▸ **Your objective**: Could you restate every entry word for word, minus the pictures?

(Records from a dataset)
>>

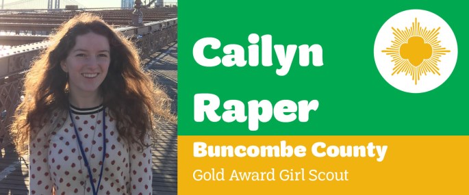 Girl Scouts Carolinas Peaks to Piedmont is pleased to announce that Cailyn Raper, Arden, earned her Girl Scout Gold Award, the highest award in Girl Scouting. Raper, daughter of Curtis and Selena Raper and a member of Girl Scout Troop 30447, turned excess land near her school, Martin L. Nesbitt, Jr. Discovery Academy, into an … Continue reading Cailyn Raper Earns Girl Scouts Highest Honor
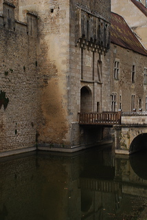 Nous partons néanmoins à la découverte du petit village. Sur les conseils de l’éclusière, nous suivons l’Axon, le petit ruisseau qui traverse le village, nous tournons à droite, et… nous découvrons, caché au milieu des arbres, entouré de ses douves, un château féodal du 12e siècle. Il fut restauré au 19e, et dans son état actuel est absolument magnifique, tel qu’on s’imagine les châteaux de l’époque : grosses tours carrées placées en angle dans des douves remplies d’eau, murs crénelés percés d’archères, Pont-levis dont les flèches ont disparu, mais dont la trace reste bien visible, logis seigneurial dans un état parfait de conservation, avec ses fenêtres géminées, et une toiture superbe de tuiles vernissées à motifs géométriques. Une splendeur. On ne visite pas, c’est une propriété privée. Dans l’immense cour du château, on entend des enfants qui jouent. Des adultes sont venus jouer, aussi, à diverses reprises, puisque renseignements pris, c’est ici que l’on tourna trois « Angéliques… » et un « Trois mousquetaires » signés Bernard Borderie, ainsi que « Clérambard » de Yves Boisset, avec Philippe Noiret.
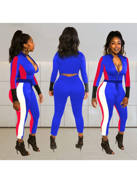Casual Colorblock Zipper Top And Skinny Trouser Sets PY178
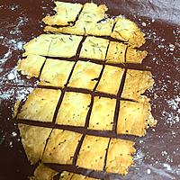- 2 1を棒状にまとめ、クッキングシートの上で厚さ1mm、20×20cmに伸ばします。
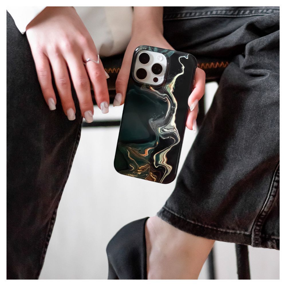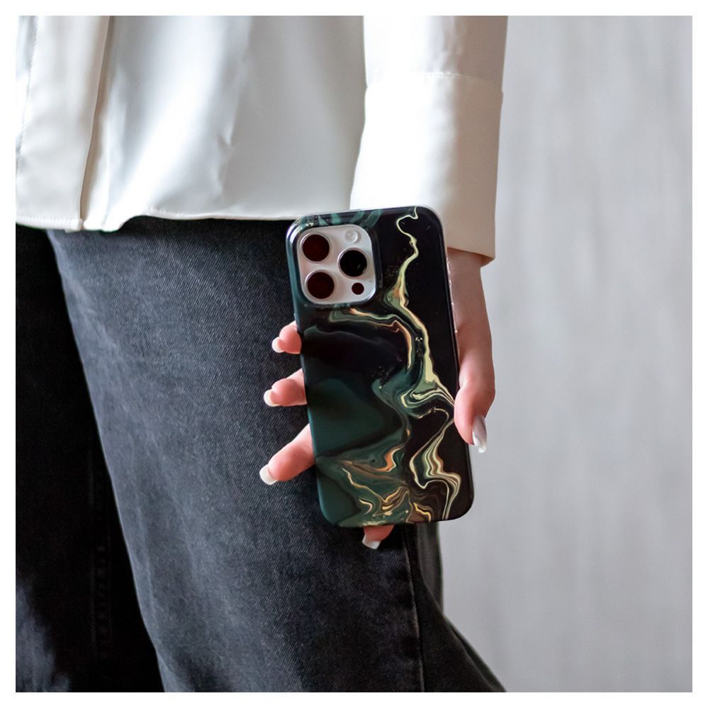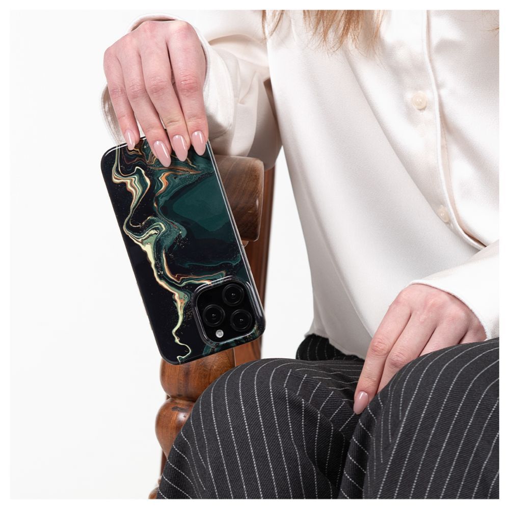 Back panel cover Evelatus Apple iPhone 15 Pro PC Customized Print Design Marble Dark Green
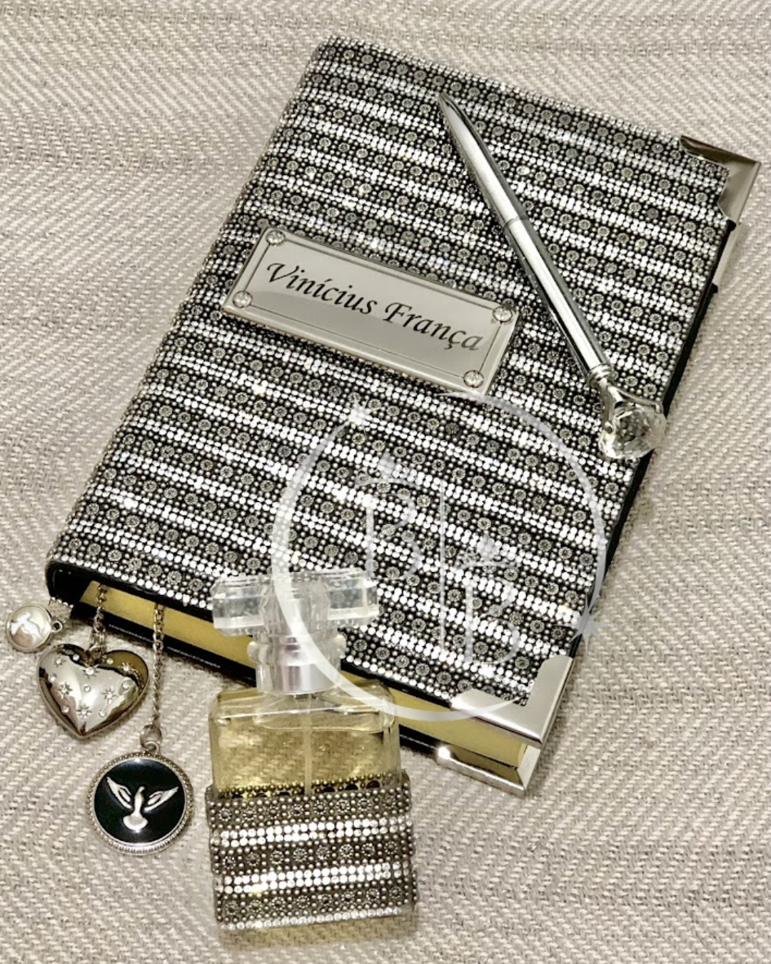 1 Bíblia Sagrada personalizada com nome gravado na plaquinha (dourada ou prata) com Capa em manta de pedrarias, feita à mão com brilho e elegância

<<

▸ **Answer for the task**:
 Girl Scouts Carolinas Peaks to Piedmont is pleased to announce that Cailyn Raper, Arden, earned her Girl Scout Gold Award, the highest award in Girl Scouting. Raper, daughter of Curtis and Selena Raper and a member of Girl Scout Troop 30447, turned excess land near her school, Martin L. Nesbitt, Jr. Discovery Academy, into an … Continue reading Cailyn Raper Earns Girl Scouts Highest Honor
 Nous partons néanmoins à la découverte du petit village. Sur les conseils de l’éclusière, nous suivons l’Axon, le petit ruisseau qui traverse le village, nous tournons à droite, et… nous découvrons, caché au milieu des arbres, entouré de ses douves, un château féodal du 12e siècle. Il fut restauré au 19e, et dans son état actuel est absolument magnifique, tel qu’on s’imagine les châteaux de l’époque : grosses tours carrées placées en angle dans des douves remplies d’eau, murs crénelés percés d’archères, Pont-levis dont les flèches ont disparu, mais dont la trace reste bien visible, logis seigneurial dans un état parfait de conservation, avec ses fenêtres géminées, et une toiture superbe de tuiles vernissées à motifs géométriques. Une splendeur. On ne visite pas, c’est une propriété privée. Dans l’immense cour du château, on entend des enfants qui jouent. Des adultes sont venus jouer, aussi, à diverses reprises, puisque renseignements pris, c’est ici que l’on tourna trois « Angéliques… » et un « Trois mousquetaires » signés Bernard Borderie, ainsi que « Clérambard » de Yves Boisset, avec Philippe Noiret.
Casual Colorblock Zipper Top And Skinny Trouser Sets PY178
- 2 1を棒状にまとめ、クッキングシートの上で厚さ1mm、20×20cmに伸ばします。
 Back panel cover Evelatus Apple iPhone 15 Pro PC Customized Print Design Marble Dark Green
 1 Bíblia Sagrada personalizada com nome gravado na plaquinha (dourada ou prata) com Capa em manta de pedrarias, feita à mão com brilho e elegância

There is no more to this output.